Целый ряд второстепенных мотивов, относящихся к поступкам Лаврентия, как бы напоминает факты из жизни Христа. Вот некоторые примеры. Происхождение Лаврентия неясно, мы не знаем о его родителях и единственная “власть”, которую он слушал, — это директор лесопилки. “Официальный” отец Христа — плотник Иосиф, который не является его истинным отцом. В доме старого зобатого охотника родились и живут его дети, будущие разбойники шайки Лаврентия. Апостолы Симон-Петр и Андрей происходили из города Бейт Затхах, что означает “охотничий дом”. Лаврентий устраивает пир на лесопилке, это “подвиг”, который создает ему популярность. Первый из “знаков”, совершенных Иисусом, — превращение воды в вино на свадьбе в Кане Галилейской. Лаврентий грабит почту во время “зимнего перерыва”. Иисус творит чудеса в субботний день. Старый зобатый говорит Лаврентию, что, происходя с равнины, он, Лаврентий, ничего не видит и не знает. Об Иисусе говорят, что из Галилеи никогда не придет пророк. И так далее, и так далее...

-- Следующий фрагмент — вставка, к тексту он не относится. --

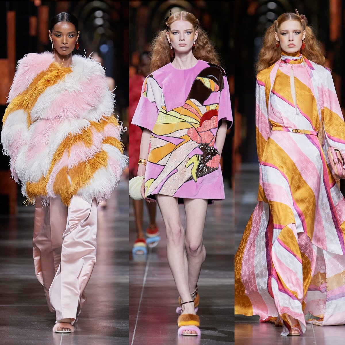 Коллекция Fendi SS’22 RTW - это сама женственность и элегантность во плоти! И да - конечно же, роскошь! В семидесятые гламур был возведён в культ: яркие цвета, богемные силуэты, оптимизм и динамика. Поэтому вовсе немудрено, что Ким Джонс обратился именно к этой эпохе, создавая свою коллекцию. Особенно сейчас, когда нам так необходим оптимистичный взгляд на будущее. Струящийся крой, пышные шубки из перьев, меховые аксессуары, яркие платья в пол, атласные костюмы, местами напоминающие фордовские… Всё это бесконечно притягивает взгляд! Как всегда, женственно и в высшей степени роскошно. Принты добавляют динамики. Но давайте разберёмся, откуда же они взялись? Главным вдохновителем этой коллекции стал иллюстратор 70-х Антонио Лопес. Его обожали Лагерфельд, главные редакторы глянцевых фэшн изданий и вообще весь модный мир, а Энди Уорхол и вовсе по недоброму косился, признавая превосходство соперника. «Он был очень влиятельной фигурой в мире моды для многих людей, но о нем не так мно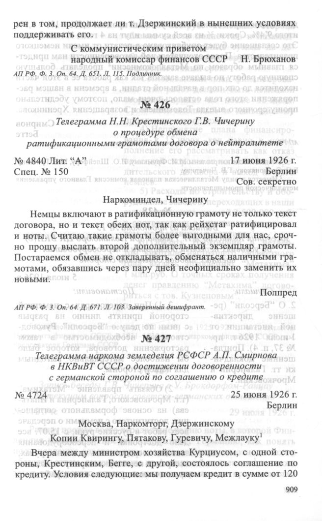 Телеграмма Н.Н. Крестинского Г.В. Чичерину о процедуре обмена ратификационными грамотами договора о нейтралитете. 17 июня 1926 г. // АП РФ. Ф. 3. Oп. 64. Д. 671. Л. 103. Заверенный дешифрант.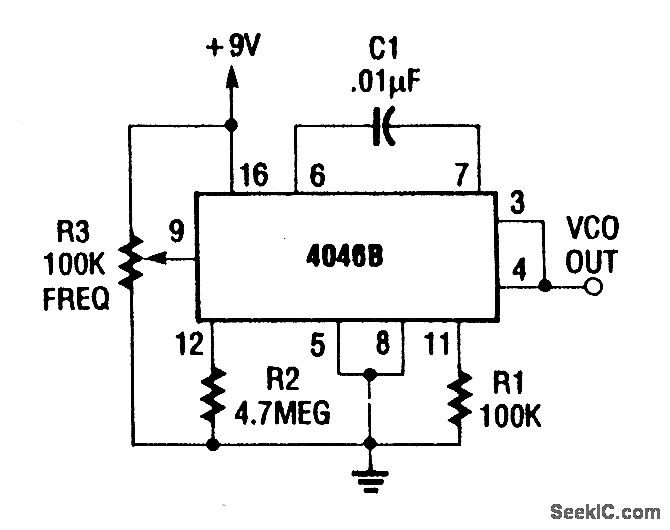 This VCO is adjustable from 60 Hz to 1.4 kHz. C1 can be changed for other ranges

Наряду с этой (анти) Христовой линией идет и апокалиптическая, этапы которой встречаются по всему пути Лаврентия с момента, когда он больше не убивает бескорыстно, а находит себе цель, объединяясь с революционерами. Первый ясный намек на наступление смутных времен относится к эпизоду, когда Лаврентий просыпается (или видит во сне, что просыпается) рядом с трупом своего сообщника, убитого Василиском. Этот эпизод, правда, напоминает не Апокалипсис, а известную главу из Евангелия от Луки о дне, “когда Сын Человеческий явится”: “В ту ночь будут двое на одной постели: один возьмется, а другой оставится” (Лука, XVII, 34). В тот вечер, когда Ивлита предает Лаврентия, она встречает его в таком наряде: “...он застал Ивлиту не в трауре, а в розовом платье последней моды, широком и в складках, так что живот был мало заметен, воскресной, с высокой прической, и унизанной драгоценностями ‹...› Ивлита взяла со стола серебряный рог, наполнила благоуханной водкой и поднесла” (гл. 15). Параллель этому фрагменту можно найти в Апокалипсисе (XVII, 4): “И жена облачена была в порфиру и багряницу, украшена золотом, драгоценными камнями и жемчугом, и держала золотую чашу в руке своей, наполненную мерзостями и нечистотою блудодейства ее”. Когда Лаврентий убегает из тюрьмы, он три раза меняет коня и потом продолжает свой путь пешком. Это, конечно, намек на четырех коней Апокалипсиса. С этого момента отношения с Апокалипсисом уточняются и умножаются. Даже самые мелкие детали напоминают Апокалипсис: “Когда Лаврентий уехал, хозяева мирно собрались и глядя на вертел с бараниной ждали стражников до полуночи” (гл. 16). У Иоанна Богослова: “И я взглянул, и вот, посреди престола и четырех животных и посреди старцев стоял Агнец как бы закланный” (V, 6). Сойдя с коня, Лаврентий продолжает путь пешком. Это время заката, и по небу идет “длинное и затейливое розоватое облако” (гл. 16). У Иоанна Богослова: “И луна сделалась как кровь” (VI, 12). И потом: “Вот он внизу. Поляна была усыпана светляками и огни невыговариваемой деревушки таяли среди бесчисленных звезд. Наверху созвездия, распухнув от сырости, ничем не отличались от насекомых и вели такой же молчащий хор” (гл. 16). А в Апокалипсисе: “И звезды небесные пали на землю” (VI, 13).